Exploring the use of procedural content generation demonstrated in a simple 2D video game

Abstract

The primary objective of this thesis was to explore the use of procedural content generation (PCG) for indie games demonstrated in a simple two-dimensional (2D) minimum viable product (MVP) video game called Adventure Game. This thesis focused on procedural level generation. The level generation uses binary space partitioning as a tool to create game levels called “dungeons”, which are comprised of randomly generated rooms and corridors.

The MVP game was written in C# and uses the Godot game engine as well as Godot libraries to build and run the game. The player controls a player character that is able to move through the levels in the game via keyboard commands. Game levels consist of a grid with a coordinate system and tiles, which have different properties. The tiles also have texture sprites, which give the levels their physical appearance. Different textures are placed in different parts of the dungeon to create the appearance of floors, walls and corridors. The dungeons have tiles in three different colour schemes for variety.

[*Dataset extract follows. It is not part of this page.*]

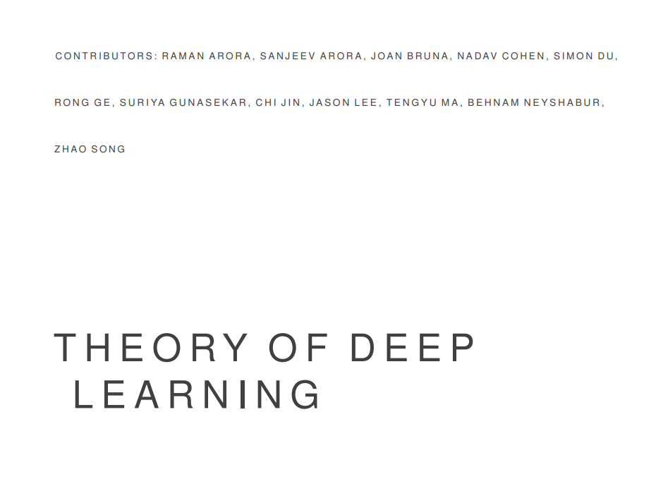 深度学习已经成为机器学习的核心范式。然而,对数学的理解仍然缺乏。需要多少样本?训练多快能成功?为什么卷积神经网络适合图像数据?本课程将涵盖回答这些问题的最新进展。本专著讨论了新兴的深度学习理论。它以普林斯顿大学2019年秋季的研究生研讨会为基础,同时与高等研究所的优化、统计和机器学习特别年相结合本章建立了基于梯度的优化算法的基本分析框架,并讨论了如何将其应用于深度学习。

The MVP game also includes a menu with buttons for starting a new game, continuing a game and quitting the game. The procedurally generated levels contain randomly placed items and entrances that load a new level when the player character walks over them.

The procedural content generation in the game was evaluated based on the properties of reliability, controllability, speed, expressivity and diversity, and creativity and believability. A checklist of functions and criteria that the procedural level generation system had to meet was also devised prior to development, and the MVP game was evaluated against this checklist. The MVP game fulfilled the criteria set out in the checklist and the procedural level generation system was deemed reliable at generating levels in accordance with the criteria set out for this project. However, whilst the level generation system produced playable levels that were generated with appropriate textures, rooms, and corridors, the resulting levels were not as visually appealing, interesting or creative as something produced by a human level designer. Therefore, the PCG system developed for this thesis was successful in producing randomly generated levels. However, these levels lacked the creativity and diversity of levels designed by humans.